RECORDS TO USE:
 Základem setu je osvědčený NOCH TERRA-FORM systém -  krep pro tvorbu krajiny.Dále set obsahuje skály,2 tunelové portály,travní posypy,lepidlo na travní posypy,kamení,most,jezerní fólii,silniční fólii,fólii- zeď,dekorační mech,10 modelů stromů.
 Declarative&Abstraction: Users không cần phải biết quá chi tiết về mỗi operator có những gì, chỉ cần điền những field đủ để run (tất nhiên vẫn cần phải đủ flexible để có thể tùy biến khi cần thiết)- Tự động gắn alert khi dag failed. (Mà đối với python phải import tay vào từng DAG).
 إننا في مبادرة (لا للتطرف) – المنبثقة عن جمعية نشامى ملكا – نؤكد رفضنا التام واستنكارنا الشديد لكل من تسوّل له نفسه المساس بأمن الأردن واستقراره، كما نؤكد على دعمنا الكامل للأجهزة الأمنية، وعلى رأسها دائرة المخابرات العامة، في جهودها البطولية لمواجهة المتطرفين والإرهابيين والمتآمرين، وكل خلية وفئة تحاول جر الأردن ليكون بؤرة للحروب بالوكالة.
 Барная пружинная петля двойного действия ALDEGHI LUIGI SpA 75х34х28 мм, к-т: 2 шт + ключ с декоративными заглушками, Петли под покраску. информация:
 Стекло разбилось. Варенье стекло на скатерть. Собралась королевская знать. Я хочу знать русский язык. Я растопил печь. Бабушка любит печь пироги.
...
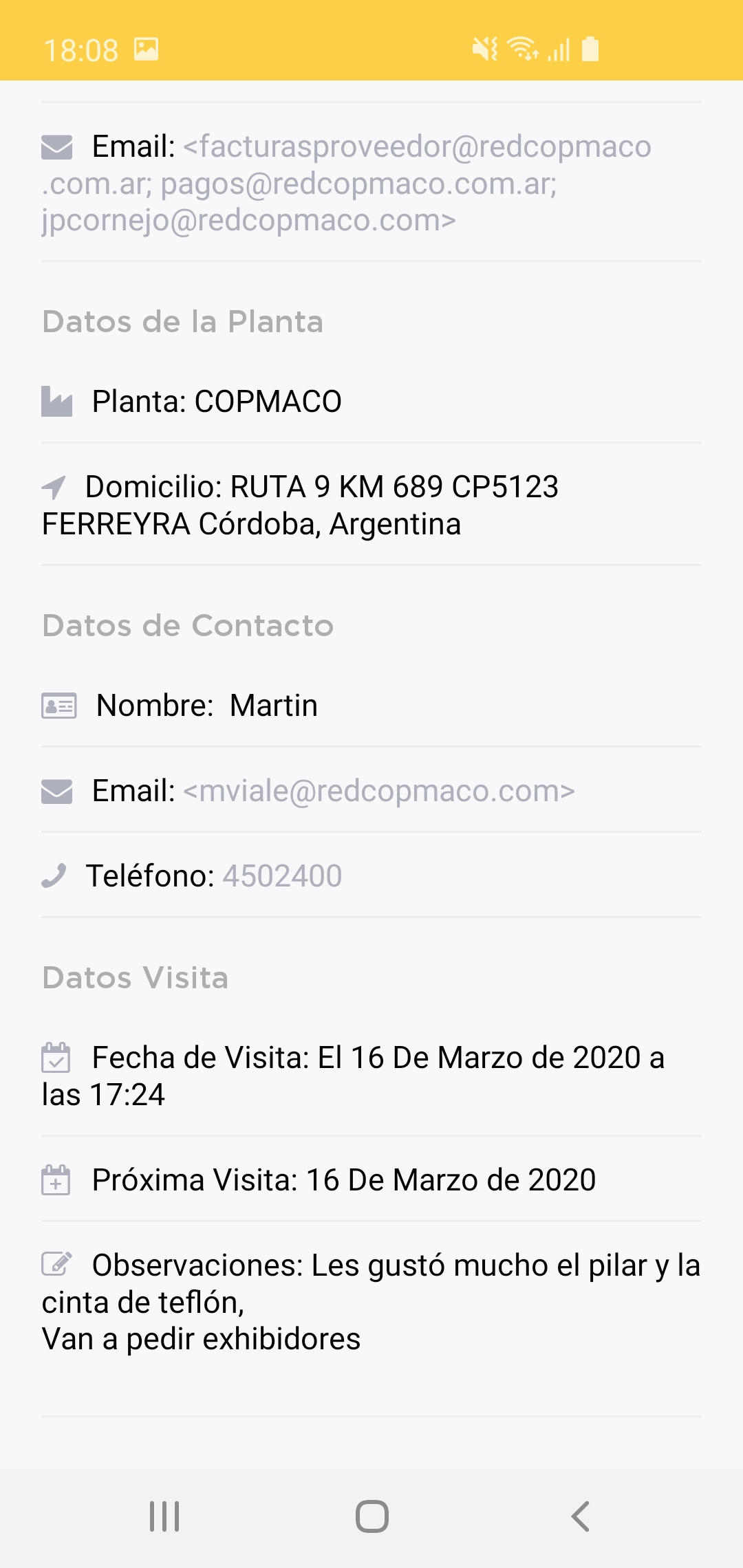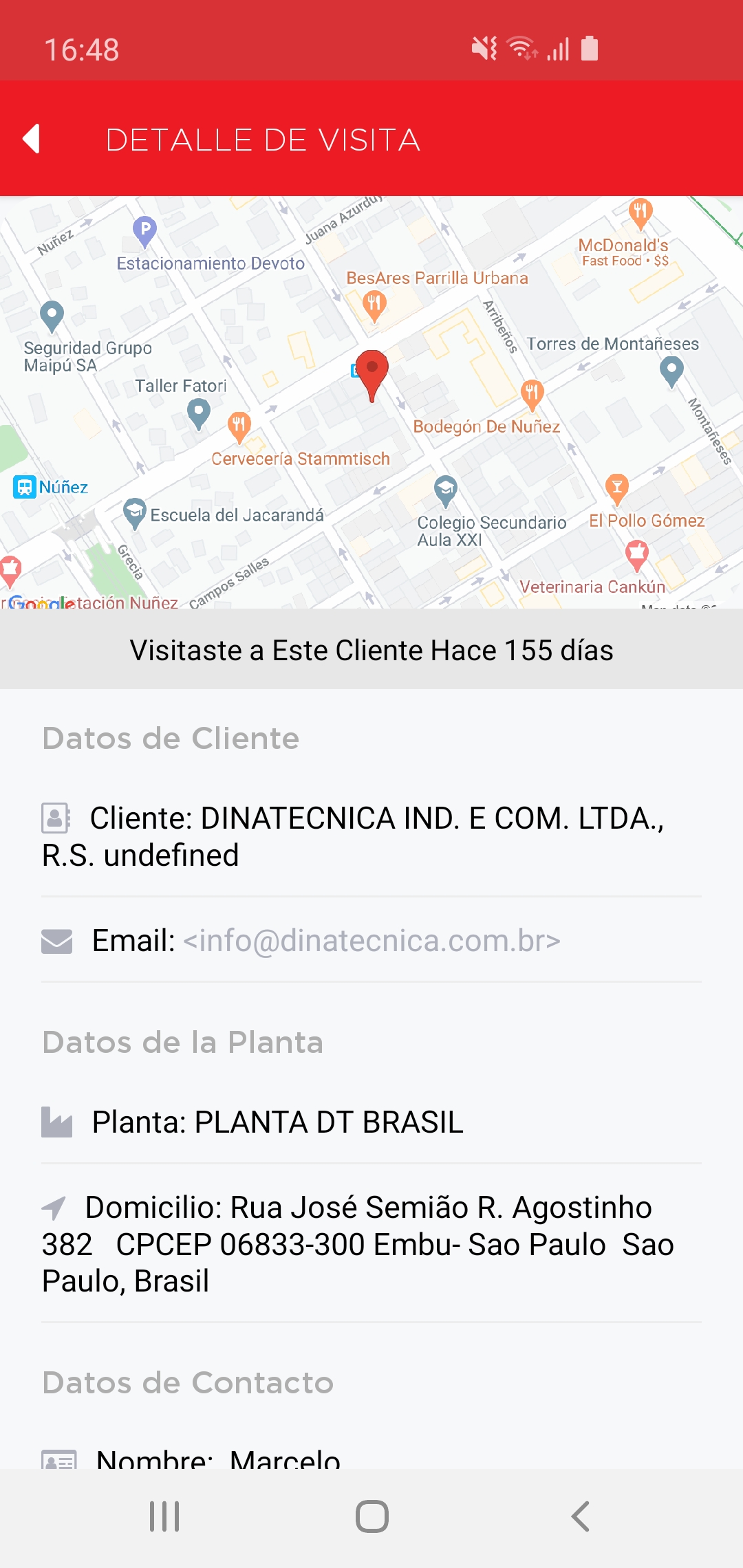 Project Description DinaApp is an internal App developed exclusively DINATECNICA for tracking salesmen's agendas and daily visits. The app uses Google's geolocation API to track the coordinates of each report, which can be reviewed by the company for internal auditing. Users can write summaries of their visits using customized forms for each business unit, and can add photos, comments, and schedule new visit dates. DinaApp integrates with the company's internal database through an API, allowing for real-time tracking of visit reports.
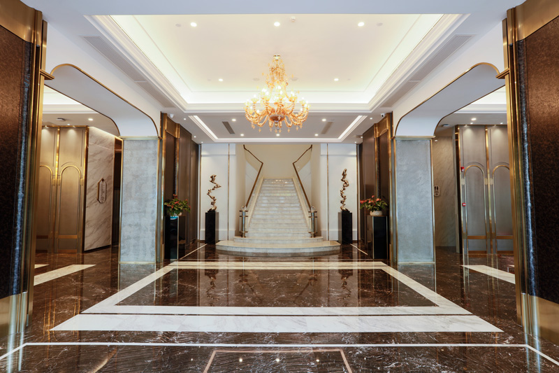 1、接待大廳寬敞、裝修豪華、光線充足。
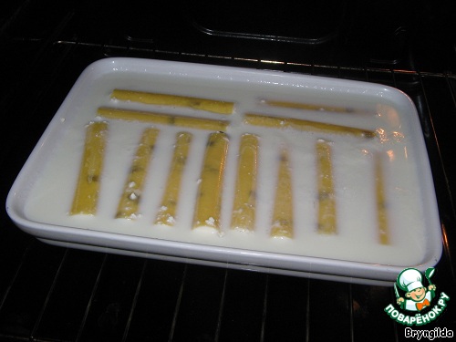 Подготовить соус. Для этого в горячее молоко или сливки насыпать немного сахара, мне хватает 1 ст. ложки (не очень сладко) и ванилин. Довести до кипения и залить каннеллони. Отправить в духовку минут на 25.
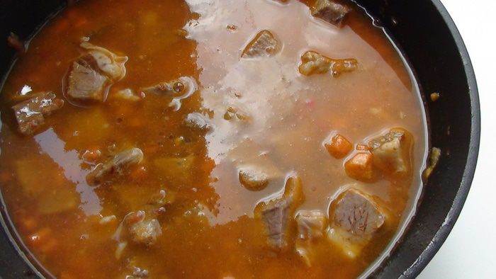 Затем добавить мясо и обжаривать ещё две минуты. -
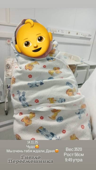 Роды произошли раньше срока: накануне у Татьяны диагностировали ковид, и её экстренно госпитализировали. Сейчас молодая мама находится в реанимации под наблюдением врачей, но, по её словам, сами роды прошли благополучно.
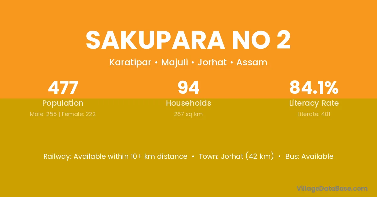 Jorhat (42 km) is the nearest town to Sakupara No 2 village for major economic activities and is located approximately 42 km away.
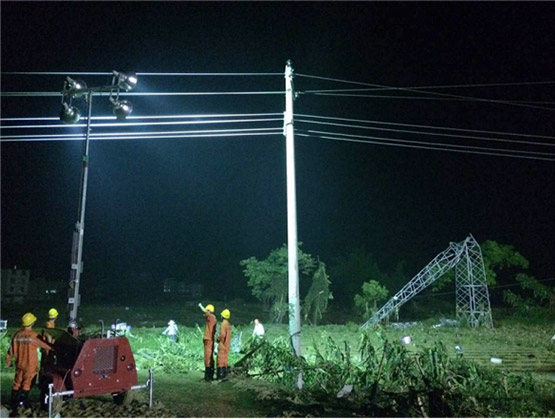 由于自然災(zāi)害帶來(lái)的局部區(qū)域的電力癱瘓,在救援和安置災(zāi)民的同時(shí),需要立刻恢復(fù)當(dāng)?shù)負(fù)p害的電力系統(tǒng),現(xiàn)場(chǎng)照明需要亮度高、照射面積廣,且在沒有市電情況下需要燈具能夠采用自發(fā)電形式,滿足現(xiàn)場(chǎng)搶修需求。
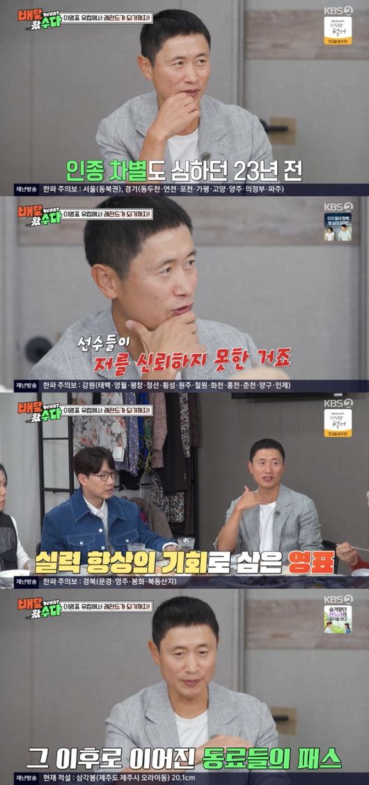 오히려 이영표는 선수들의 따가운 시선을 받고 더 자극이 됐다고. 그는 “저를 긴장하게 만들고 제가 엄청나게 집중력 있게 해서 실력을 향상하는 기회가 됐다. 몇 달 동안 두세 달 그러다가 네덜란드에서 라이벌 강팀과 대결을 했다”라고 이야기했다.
==
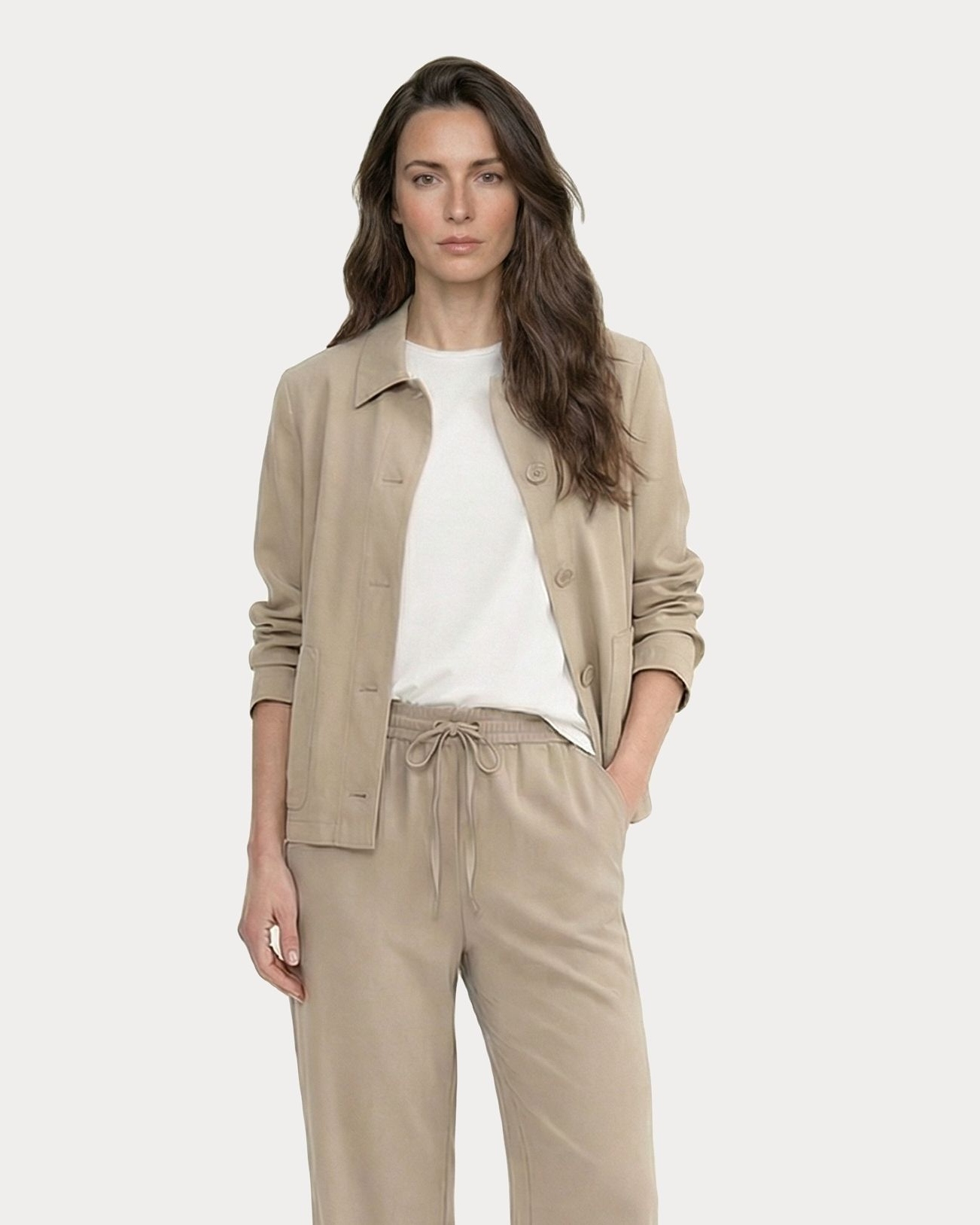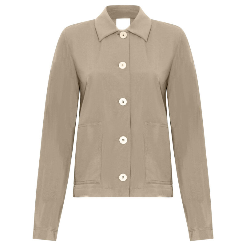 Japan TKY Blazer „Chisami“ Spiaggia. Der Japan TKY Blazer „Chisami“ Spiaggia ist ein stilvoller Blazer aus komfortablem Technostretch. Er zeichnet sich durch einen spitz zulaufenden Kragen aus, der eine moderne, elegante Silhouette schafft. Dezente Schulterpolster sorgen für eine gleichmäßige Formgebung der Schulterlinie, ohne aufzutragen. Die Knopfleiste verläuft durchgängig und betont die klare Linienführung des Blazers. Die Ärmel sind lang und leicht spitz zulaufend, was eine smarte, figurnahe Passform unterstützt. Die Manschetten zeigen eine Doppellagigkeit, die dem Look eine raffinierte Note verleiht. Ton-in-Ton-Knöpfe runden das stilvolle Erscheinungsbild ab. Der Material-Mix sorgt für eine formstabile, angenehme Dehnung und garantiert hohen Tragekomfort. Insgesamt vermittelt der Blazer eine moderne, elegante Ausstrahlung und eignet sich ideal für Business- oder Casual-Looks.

WORK TO BE COMPLETED: Above are the records; print exactly the lines from the line with "Барная пружинная петля" to the line with "Стекло разбилось. Варенье", including both, and nothing else.

TASK ANSWER:
 Барная пружинная петля двойного действия ALDEGHI LUIGI SpA 75х34х28 мм, к-т: 2 шт + ключ с декоративными заглушками, Петли под покраску. информация:
 Стекло разбилось. Варенье стекло на скатерть. Собралась королевская знать. Я хочу знать русский язык. Я растопил печь. Бабушка любит печь пироги.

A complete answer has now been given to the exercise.